##### Exercise material #####
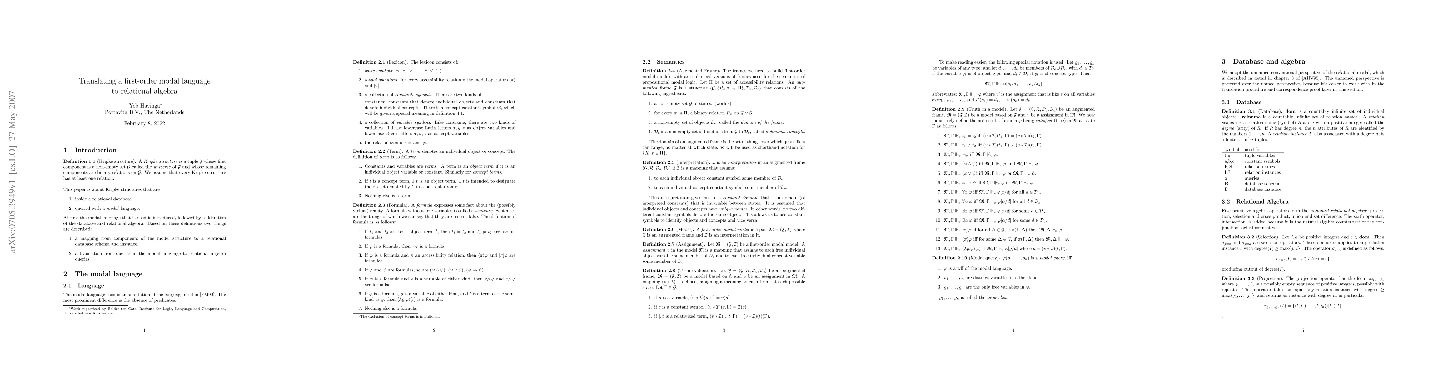 This paper is about Kripke structures that are inside a relational database and queried with a modal language. At first the modal language that is used is introduced, followed by a definition of the database and relational algebra. Based on these definitions two things are presented: a mapping from components of the modal structure to a relational database schema and instance, and a translation from queries in the modal language to relational algebra queries.
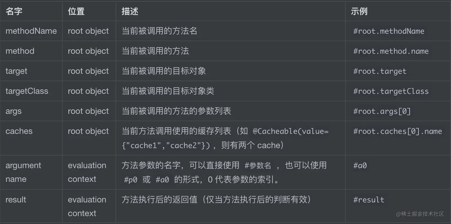 前面说过,缓存的 key 支持使用 spEL 表达式去编写,下面总结一下使用 spEL 去编写 key 可以用的一些元数据:
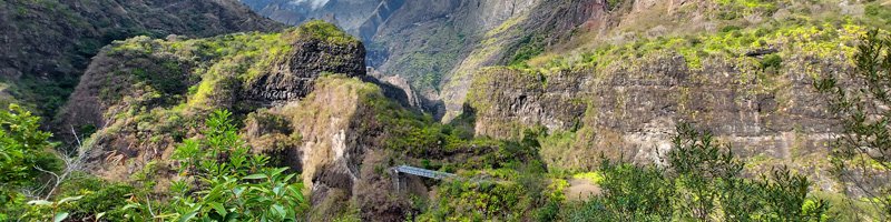 A gauche : Vers le Cirque de Cilaos et le Grand BénareAu centre : La Plaine des Tamarins
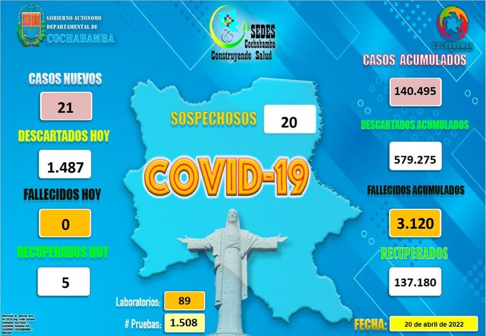 🔵 #ANF | #Salud #Cochabamba suma 21 nuevos contagios y cinco recuperados. https://t.co/6VOuImWRYY
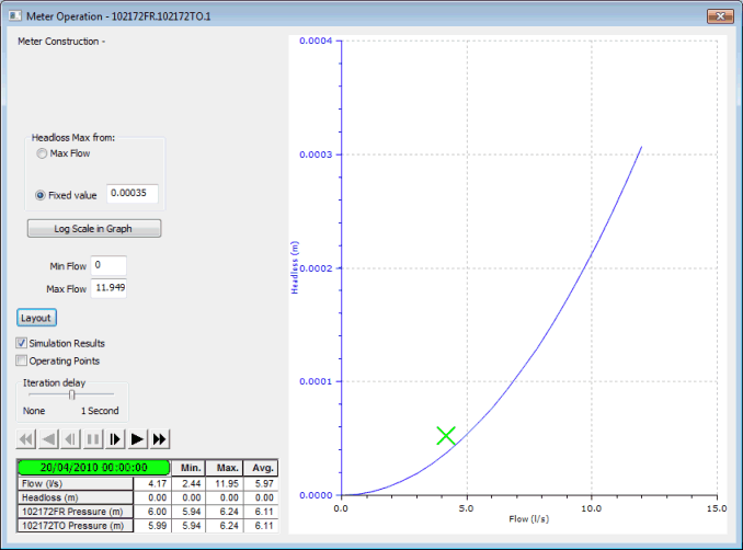If you open the report for a meter in a completed simulation, the default values for minimum flow and maximum flow are set from the minimum and maximum flow experienced through the meter during the simulation. The default "fixed value" is set from the maximum headloss experienced through the meter during the simulation. These default values can be changed by the user.
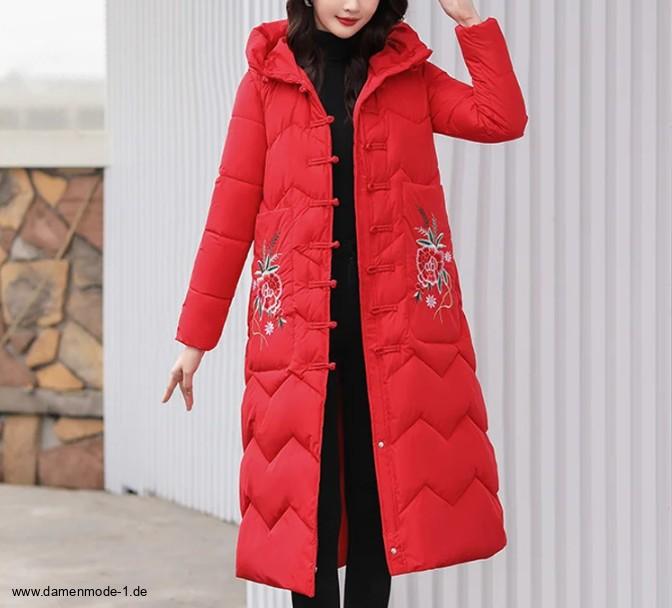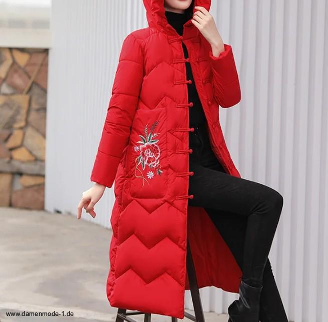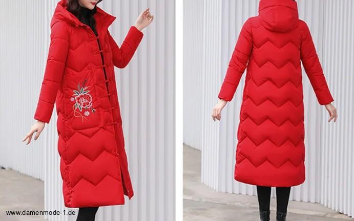 Neue Winterkollektion - Damenmantel Gesteppt Lang in Rot
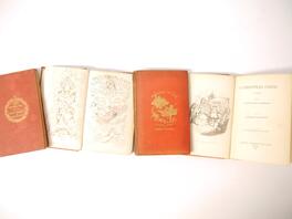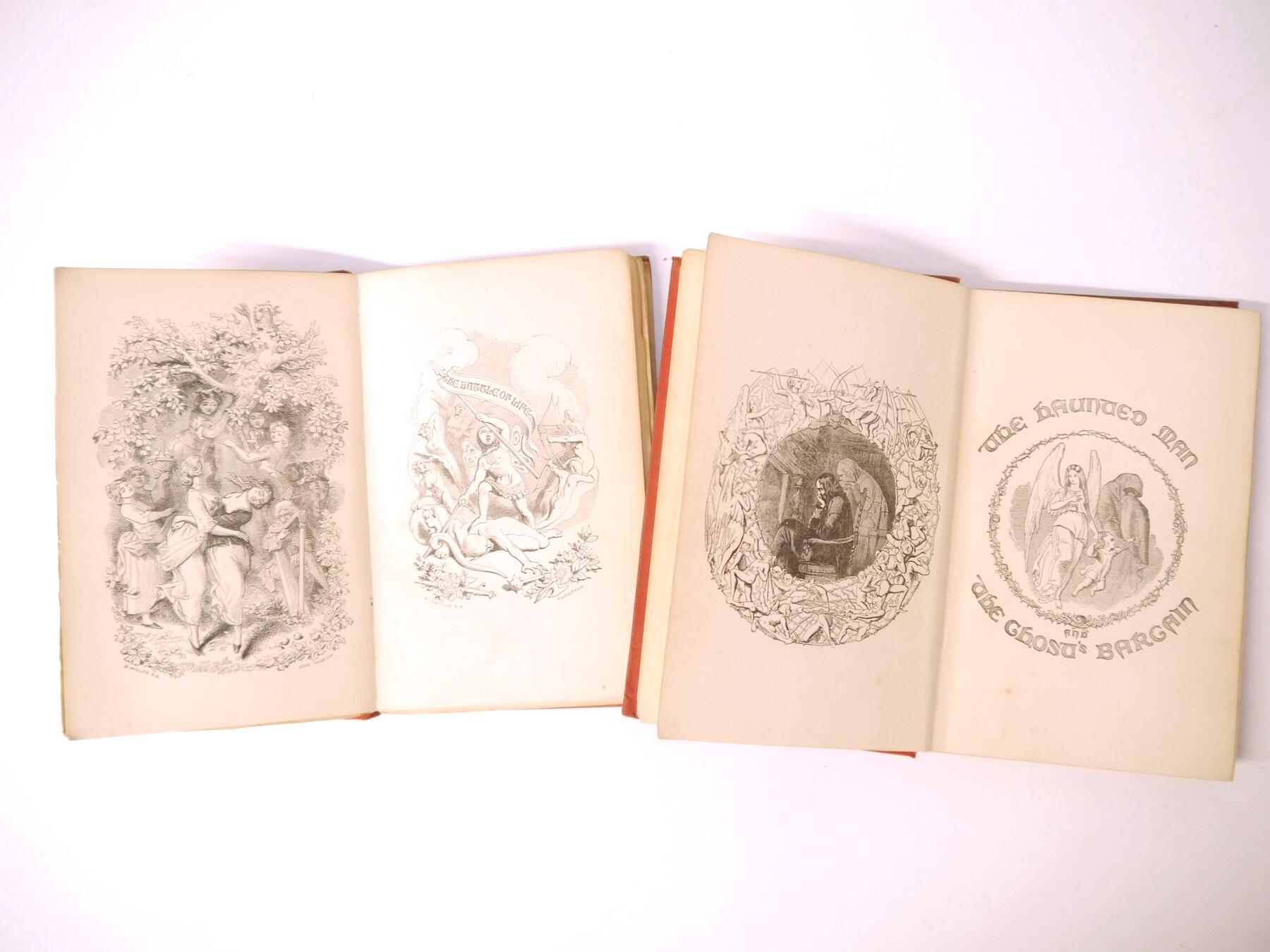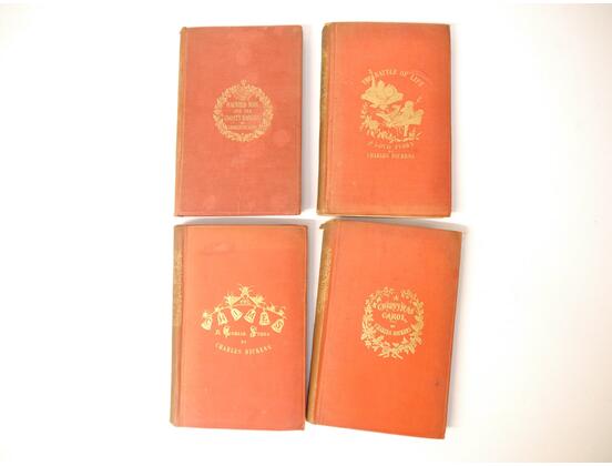 Charles Dickens, Christmas Books, 4 titles: 'A Christmas Carol', 'The Chimes', 'The Battle of Life', 'The Haunted Man and the Ghost's Bargain', London, Chapman & Hall, 1886-1887, stereotype edition, each with engraved frontises/added engraved title pages/illustrations as called for, each original decorative/pictorial cloth gilt (slightly worn and soiled, spines browned, 'A Christmas Carol' inner joints split) (4)
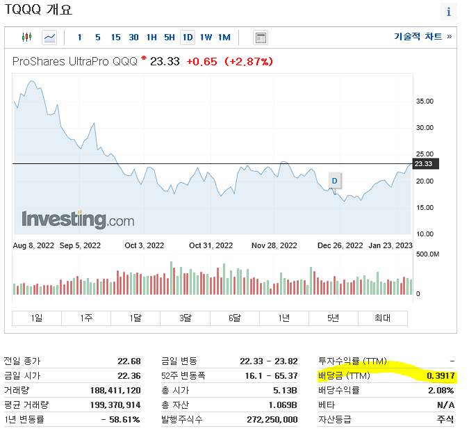 이렇듯 미국의 경제에 기대어 흘러가는 주식이 TQQQ이기에 미국경제 전반에 대한 흐름을 긍정적으로 바라볼 경우라면 매수를 그렇지 않다면 고위험주식으로 판단하는게 옳을 것으로 보입니다. 저는 쫄보이기 때문에 QQQ를 선호하는 편이지만 흐름에 맞게 TQQQ를 활용하는 것도 좋다고 보고 있습니다.
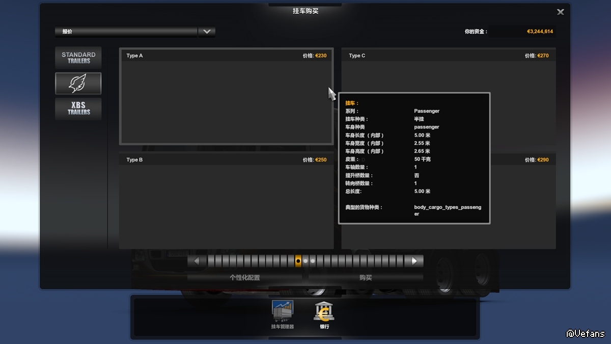 2,请购买巴士,然后到挂车销售商购买客运模式配套挂车(如图三),再将挂车连接,之后再去货物市场(注意:是货物市场,不是货运市场)。
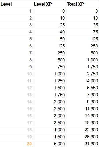 Level requirements as of April 7, 2025
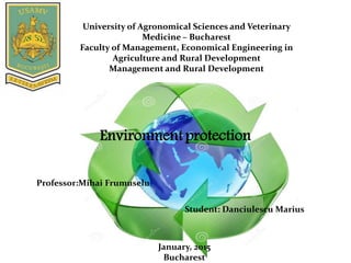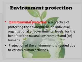 This document discusses various topics related to environment protection. It defines environment protection and discusses key issues like the greenhouse effect, acid rain, wildlife extinction, deforestation, pollution, and ecology. It specifically examines selective collection and recycling, noting that selective collection is one stage of recycling that separates waste to transform it into useful products. Recycling reduces energy consumption and excessive use of natural resources. The document also defines environmental pollution as an undesirable change in the physical, chemical, and biological characteristics of air, land, and water. Pollutants are categorized as either biodegradable or non-biodegradable. Biodegradable pollutants are broken down by microorganisms while non-biodegradable poll
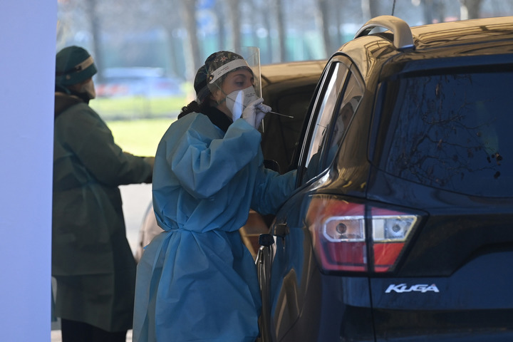 2021年12月31日,醫務人員在意大利博洛尼亞一處“不下車”新冠病毒快速檢測點工作。新華社發(賈尼·斯基基攝)
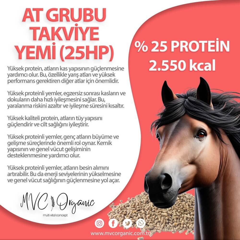 25% Protein – 2.550 Enerji: Yüksek performanslı atlar için mükemmel bir yemdir. Kas gelişimi, onarımı ve hızlı toparlanma sağlanırken, enerjik ve güçlü bir vücut yapısı oluşturur. Ancak aşırı protein ve enerji alımı, dengeli bir şekilde kontrol edilmelidir.
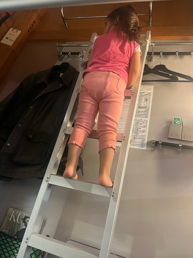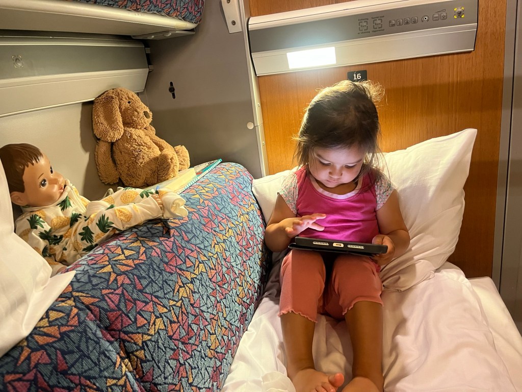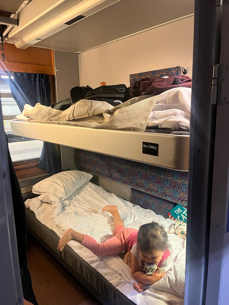 We first took the high speed train to Stockholm then transferred to the 10 hour night train to Umeå. The night train was quite the experience! We booked a sleeping car for 3 which was perfect for us. We had 3 beds, but Mara and I shared, a bit of storage and a tiny sink. Bathrooms were down the hall and showers were even available but we didn’t use them. The beds were actually surprisingly comfortable! Mara was so excited, she absolutely loved the novelty of sleeping in a bed on a train. We brought her normal bedtime books and did as normal of a bedtime routine as possible and surprisingly she slept all night, well from about midnight to 7am, which was a huge win! I on the other hand did not sleep much, the clanging sounds under the train were just so loud, even with earplugs and a white noise machine blasting it was impossible for me to tune out. I finally dozed off around 3am during a 45 minute stop where the train split off into 2 and goes different directions. Wylie also slept a bit on and off, neither of us were super rested but at least Mara slept!
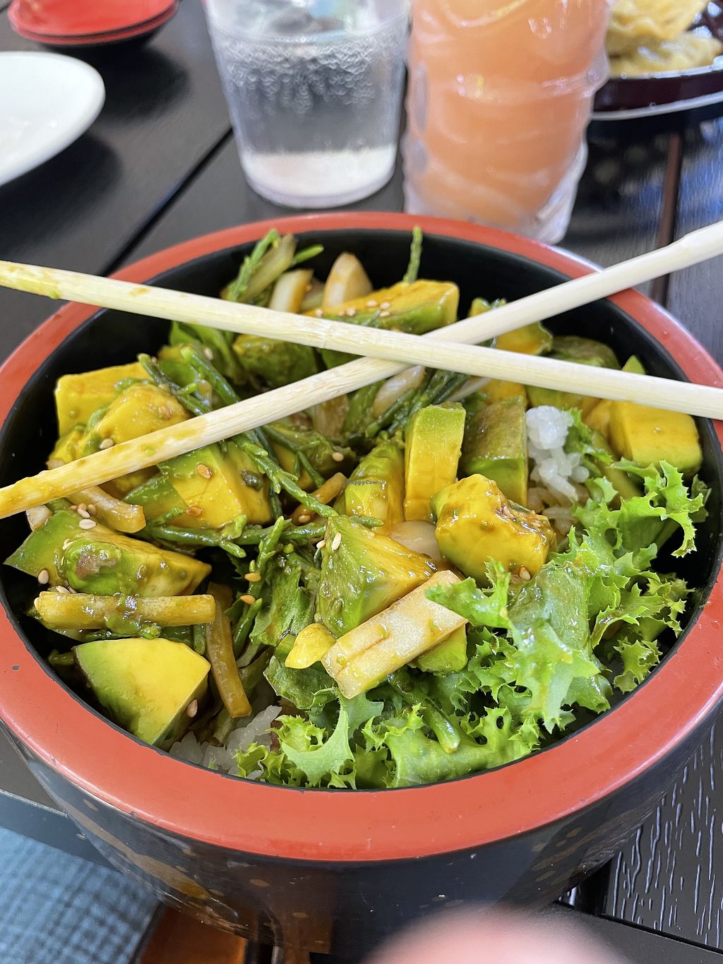We tried the avocado poke bowl, tofu bento bowl, seaweed salad, veggie roll and the grandma’s veggie futomaki (hold the egg). Amazing!! Cool vibe in the place too. Service was excellent despite other reviews to the contrary.
#####
→ **Task details**: Repeat the lines of the listing above verbatim, beginning at its first line and ending at the line containing "前面说过,缓存的 key 支持使用", which is included. Omit pictures.

→ **Completed exercise**:
 This paper is about Kripke structures that are inside a relational database and queried with a modal language. At first the modal language that is used is introduced, followed by a definition of the database and relational algebra. Based on these definitions two things are presented: a mapping from components of the modal structure to a relational database schema and instance, and a translation from queries in the modal language to relational algebra queries.
 前面说过,缓存的 key 支持使用 spEL 表达式去编写,下面总结一下使用 spEL 去编写 key 可以用的一些元数据:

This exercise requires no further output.